NÂKÂFİ

18.05.2016

NÂKÂFİ

 

Nasıl şerheyleyim ben derdimi, icâd nâkâfi,

Dua nâkıs, tazarru bi-eser, feryâd nâkâfi

Melekler, burclar ger kılsalar imdâd, nâkâfi,

Gamım levh-i semâya eylesem inşâd, nâkâfi!

Felâket görmemişsin, derdimi eylersin istihfâf

Felâket olsa lâyıktır, bu halka sendeki evsâf

Kifâyet gösterip ey eyleyen irâd, nâkâfi

Acep hûn-ı dil-i mecrûhumu sen mey mi zannettin?
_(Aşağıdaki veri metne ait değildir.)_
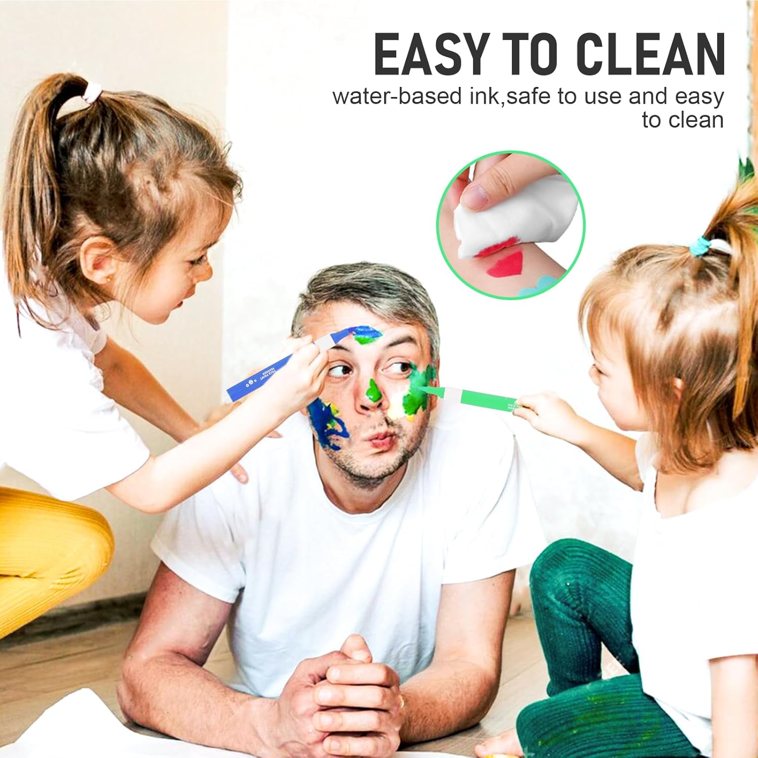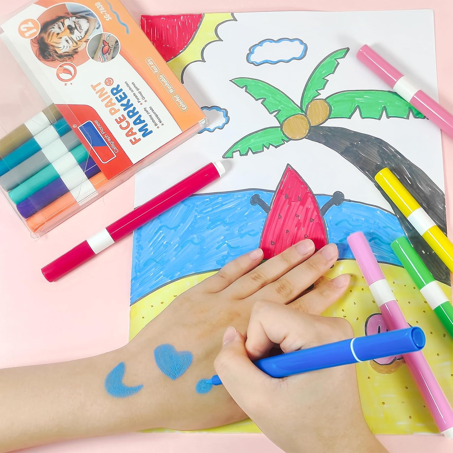 SAFE&EASY TO WASH: This washable drawing marker use water based ink, safe, acid-free, skin-friendly. And it is a breeze to clean with wet wipes or wash with soap and water without leaving any residue.(Note: please do an allergy test on your hands before use)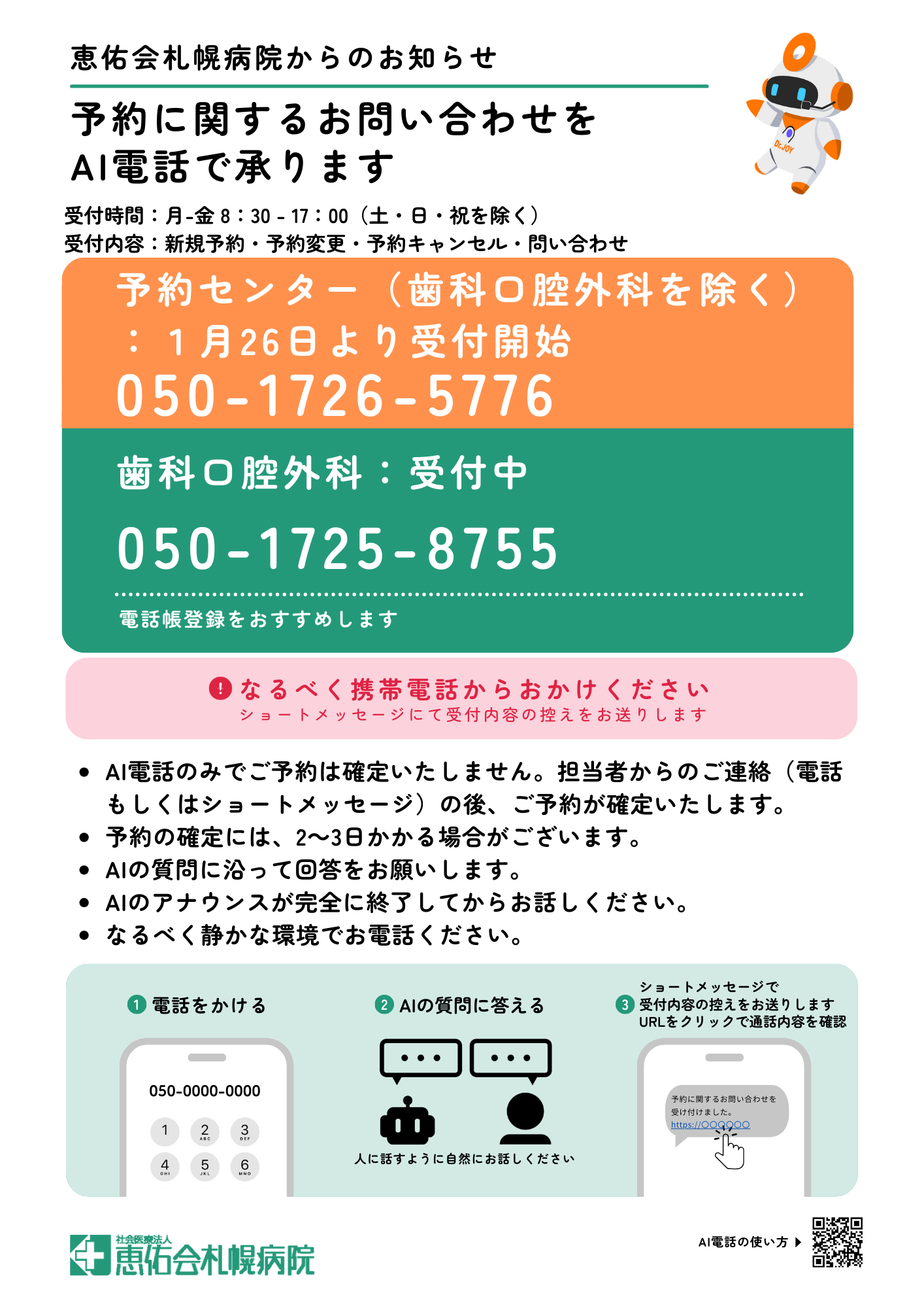 お知らせ 予約センター(歯科口腔外科を除く)の電話番号が変わります。 2026年1月26日(月)から、予約センターの電話番号が変更となります。詳しくは下記画像をご覧ください。※予約当日のお問い合わせや緊急性の高い内容については下記へご連絡ください。歯科口腔外科以外 ー 011-863-2101(代表)歯科口腔外科 ー 011-863-2105(直通) 前へ 1 2 3 4 5 6 7 次へ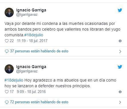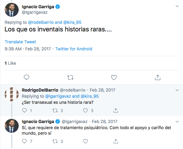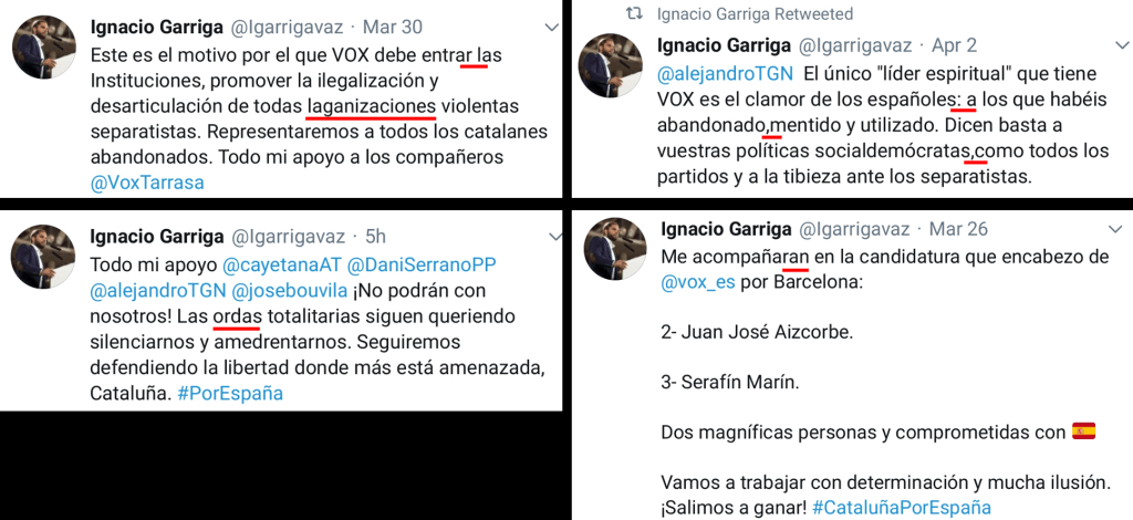 Ignacio Garriga Vaz de Concicao, barcelonés de 31 años de origen ecoguineano y ex militante del PP. Su madre, Clotilde Vaz de Conciçao, nació en Malabo (Guinea Ecuatorial), en el seno de una familia de terratenientes. Era hija de Mercedes, la abuela de Garriga, quien, cuando vio que allí no había futuro para sus hijos (incluída Clotilde), los mandó a España y ella se quedó allí. Clotilde “era muy patriota, se sentía muy española y ya advertía del peligro de los nacionalismos latentes”, y era militante y activista de Alianza Popular, el partido fundado por ex jerarcas franquistas y que posteriormente cambiaría de nombre para llamarse «Partido Popular«.

Sadâ-yı makberi bir na‟ra-i heyhey mi zannettin?

Veyahut kendini âlemde sen, bir şey mi zannettin?

Bugün ben yazdım, elbette yazar ahfâd nâkâfi

Evet, tarz-ı kadîm-i şi‟ri bozduk, her ü merc ettik

Nedir şi‟ri hakîki safha-i irfâna dercettik

Bu yolda nakd-i vakti cem‟i kuvvet birle harcettik

Bize gelmişti zirâ meslek-i ecdâd nâkâfi.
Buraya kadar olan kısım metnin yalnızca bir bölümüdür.